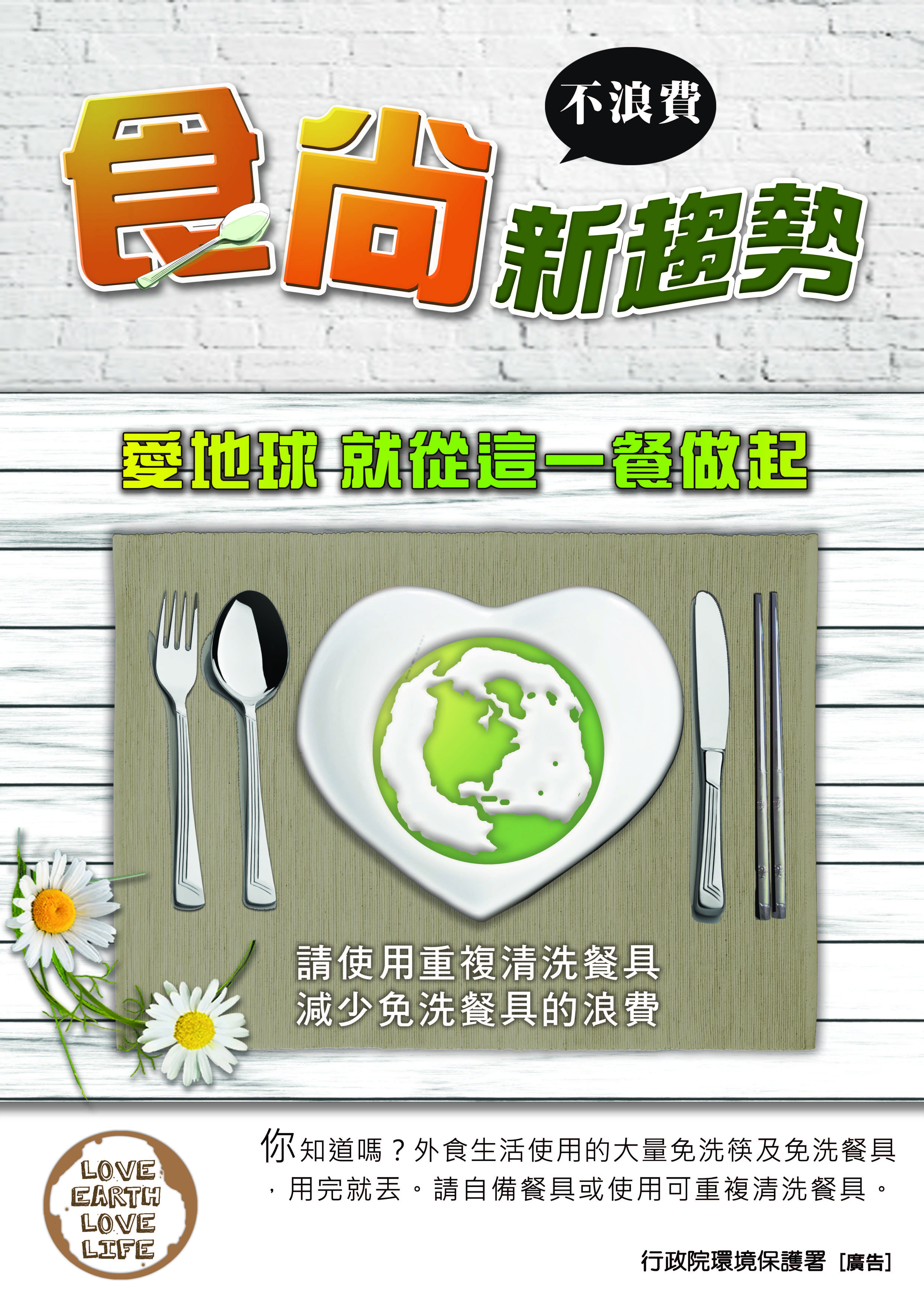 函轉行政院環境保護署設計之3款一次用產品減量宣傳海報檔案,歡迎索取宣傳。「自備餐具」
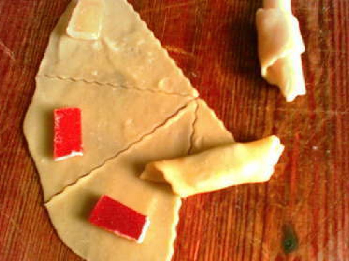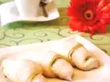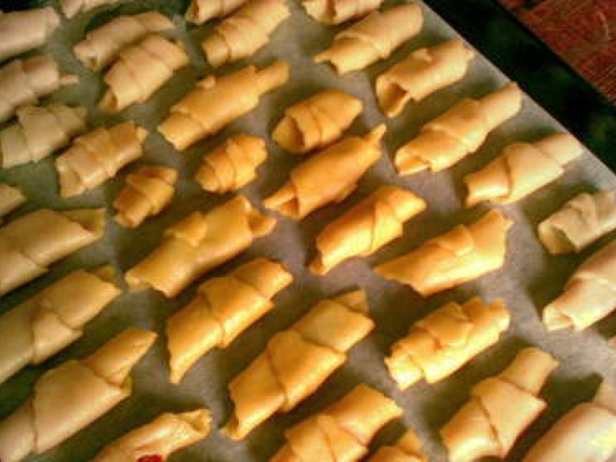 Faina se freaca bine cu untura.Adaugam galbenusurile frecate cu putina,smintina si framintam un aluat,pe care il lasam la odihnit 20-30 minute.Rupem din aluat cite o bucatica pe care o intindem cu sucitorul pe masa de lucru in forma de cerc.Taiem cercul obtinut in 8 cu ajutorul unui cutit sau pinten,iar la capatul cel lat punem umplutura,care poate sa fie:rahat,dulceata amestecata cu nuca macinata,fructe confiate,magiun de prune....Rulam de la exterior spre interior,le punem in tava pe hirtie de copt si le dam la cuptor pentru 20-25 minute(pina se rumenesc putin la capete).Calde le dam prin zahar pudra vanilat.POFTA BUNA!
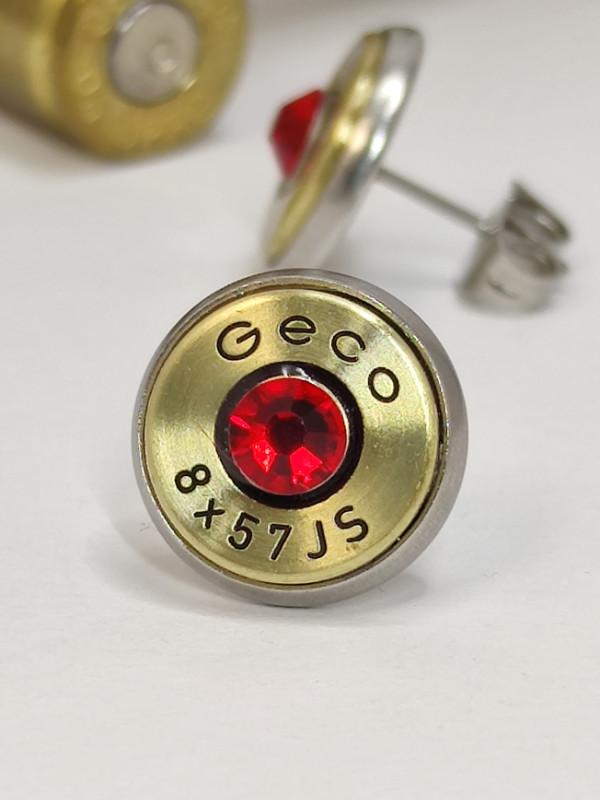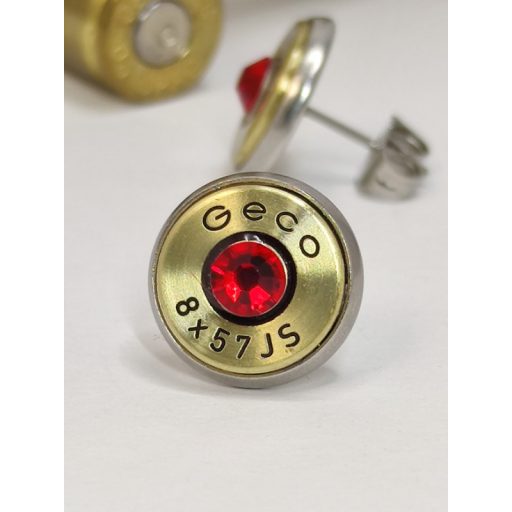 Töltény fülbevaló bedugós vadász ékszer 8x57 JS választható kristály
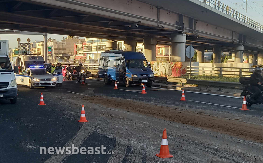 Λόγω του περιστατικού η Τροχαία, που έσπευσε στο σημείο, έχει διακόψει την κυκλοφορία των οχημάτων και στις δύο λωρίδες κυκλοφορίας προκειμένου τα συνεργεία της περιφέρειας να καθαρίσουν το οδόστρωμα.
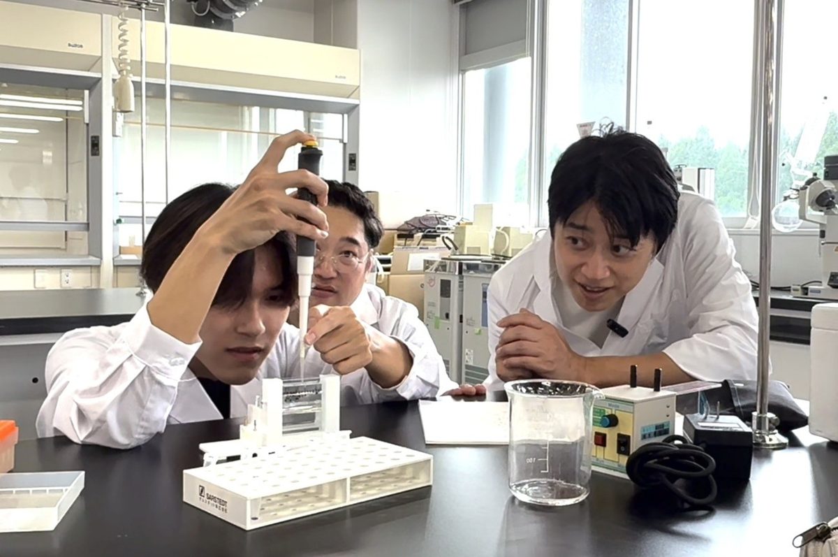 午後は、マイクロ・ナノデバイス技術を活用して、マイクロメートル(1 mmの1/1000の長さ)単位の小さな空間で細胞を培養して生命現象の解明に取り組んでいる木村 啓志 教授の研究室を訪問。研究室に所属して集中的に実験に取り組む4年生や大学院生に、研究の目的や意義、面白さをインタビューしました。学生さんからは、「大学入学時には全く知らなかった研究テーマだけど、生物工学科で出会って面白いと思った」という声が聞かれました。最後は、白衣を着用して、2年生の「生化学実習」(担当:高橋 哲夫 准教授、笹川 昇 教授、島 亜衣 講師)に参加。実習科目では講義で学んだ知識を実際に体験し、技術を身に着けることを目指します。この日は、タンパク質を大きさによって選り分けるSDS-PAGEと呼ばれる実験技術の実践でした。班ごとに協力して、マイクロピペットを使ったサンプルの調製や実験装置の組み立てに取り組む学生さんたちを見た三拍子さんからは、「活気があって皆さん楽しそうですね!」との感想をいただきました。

* * *

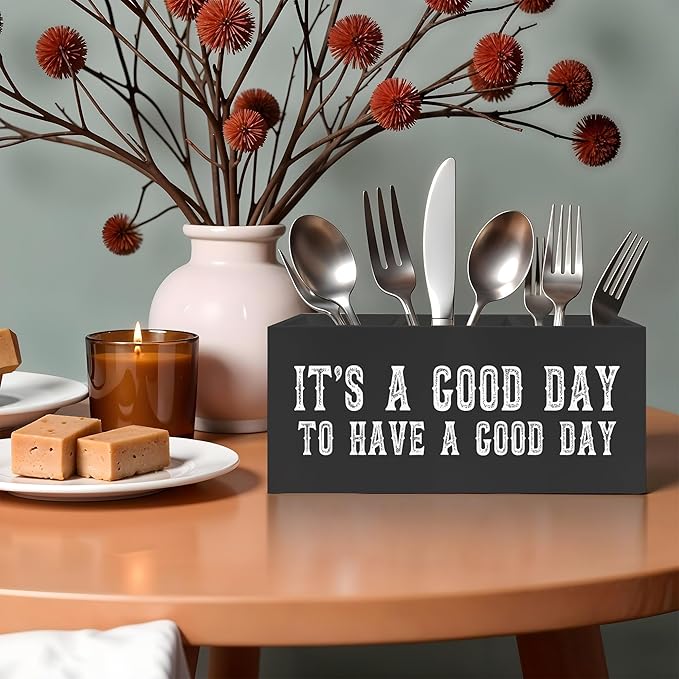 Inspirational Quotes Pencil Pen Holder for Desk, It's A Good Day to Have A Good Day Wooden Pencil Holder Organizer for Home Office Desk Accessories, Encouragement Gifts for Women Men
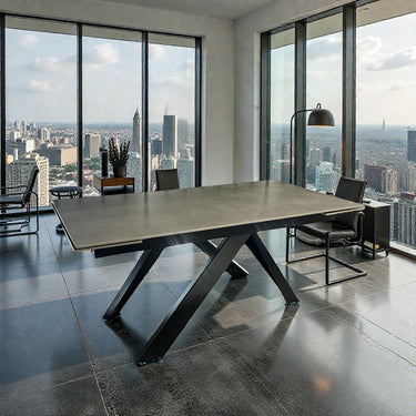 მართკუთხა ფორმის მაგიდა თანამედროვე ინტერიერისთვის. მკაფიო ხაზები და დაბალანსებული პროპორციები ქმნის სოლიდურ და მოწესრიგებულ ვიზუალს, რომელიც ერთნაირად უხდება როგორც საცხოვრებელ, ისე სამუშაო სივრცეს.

* * *

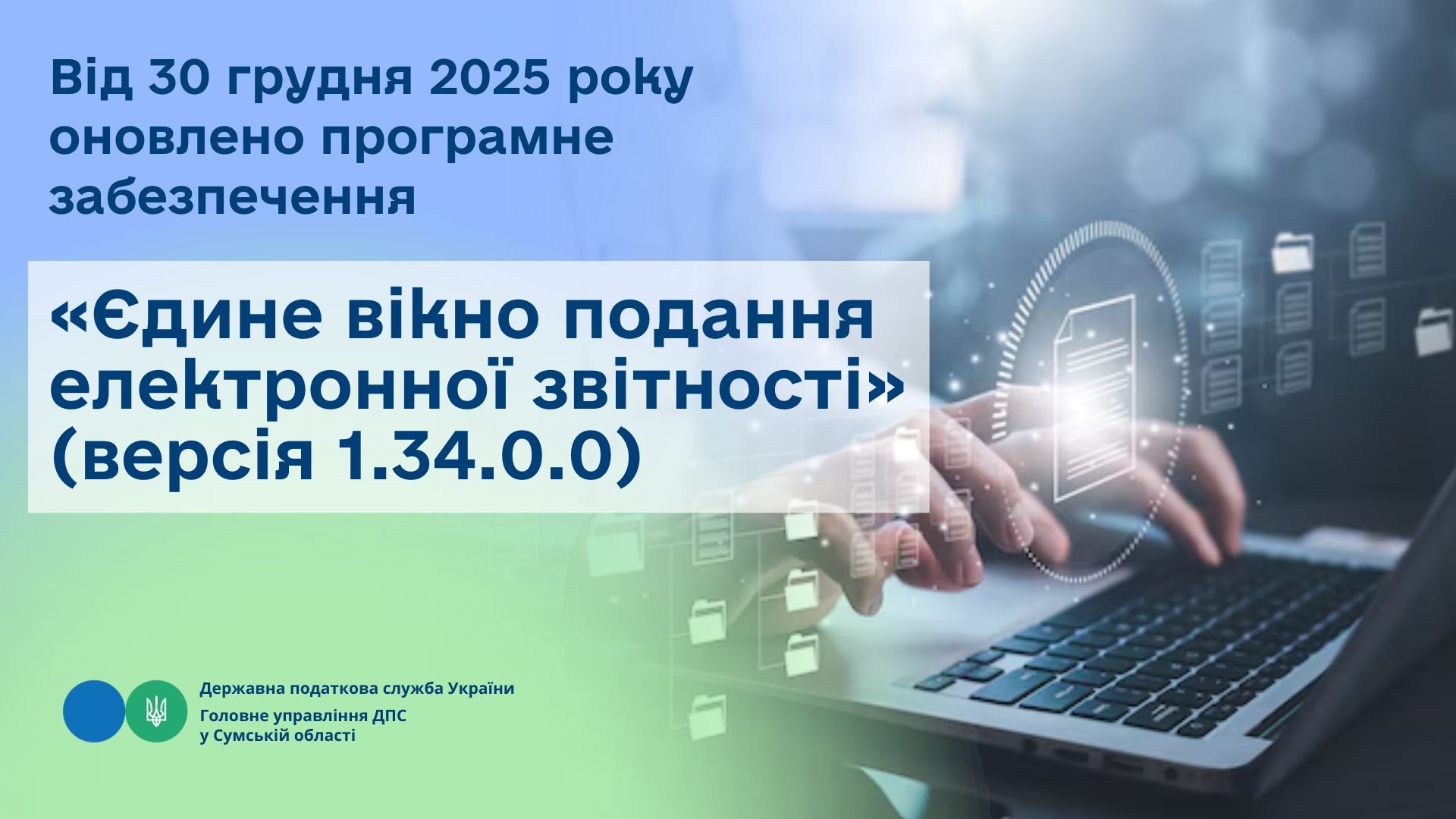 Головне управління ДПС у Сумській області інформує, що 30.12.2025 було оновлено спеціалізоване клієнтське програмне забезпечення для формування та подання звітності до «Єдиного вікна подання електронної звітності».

* * *

**WHAT YOU ARE ASKED TO DO:**
Beginning with the line that contains "Faina se freaca" and ending with the line that contains "哲夫 准教授、笹川 昇", reproduce the listing exactly, pictures excluded.

**RESPONSE TO THIS TASK:**
 Faina se freaca bine cu untura.Adaugam galbenusurile frecate cu putina,smintina si framintam un aluat,pe care il lasam la odihnit 20-30 minute.Rupem din aluat cite o bucatica pe care o intindem cu sucitorul pe masa de lucru in forma de cerc.Taiem cercul obtinut in 8 cu ajutorul unui cutit sau pinten,iar la capatul cel lat punem umplutura,care poate sa fie:rahat,dulceata amestecata cu nuca macinata,fructe confiate,magiun de prune....Rulam de la exterior spre interior,le punem in tava pe hirtie de copt si le dam la cuptor pentru 20-25 minute(pina se rumenesc putin la capete).Calde le dam prin zahar pudra vanilat.POFTA BUNA!
 Töltény fülbevaló bedugós vadász ékszer 8x57 JS választható kristály
 Λόγω του περιστατικού η Τροχαία, που έσπευσε στο σημείο, έχει διακόψει την κυκλοφορία των οχημάτων και στις δύο λωρίδες κυκλοφορίας προκειμένου τα συνεργεία της περιφέρειας να καθαρίσουν το οδόστρωμα.
 午後は、マイクロ・ナノデバイス技術を活用して、マイクロメートル(1 mmの1/1000の長さ)単位の小さな空間で細胞を培養して生命現象の解明に取り組んでいる木村 啓志 教授の研究室を訪問。研究室に所属して集中的に実験に取り組む4年生や大学院生に、研究の目的や意義、面白さをインタビューしました。学生さんからは、「大学入学時には全く知らなかった研究テーマだけど、生物工学科で出会って面白いと思った」という声が聞かれました。最後は、白衣を着用して、2年生の「生化学実習」(担当:高橋 哲夫 准教授、笹川 昇 教授、島 亜衣 講師)に参加。実習科目では講義で学んだ知識を実際に体験し、技術を身に着けることを目指します。この日は、タンパク質を大きさによって選り分けるSDS-PAGEと呼ばれる実験技術の実践でした。班ごとに協力して、マイクロピペットを使ったサンプルの調製や実験装置の組み立てに取り組む学生さんたちを見た三拍子さんからは、「活気があって皆さん楽しそうですね!」との感想をいただきました。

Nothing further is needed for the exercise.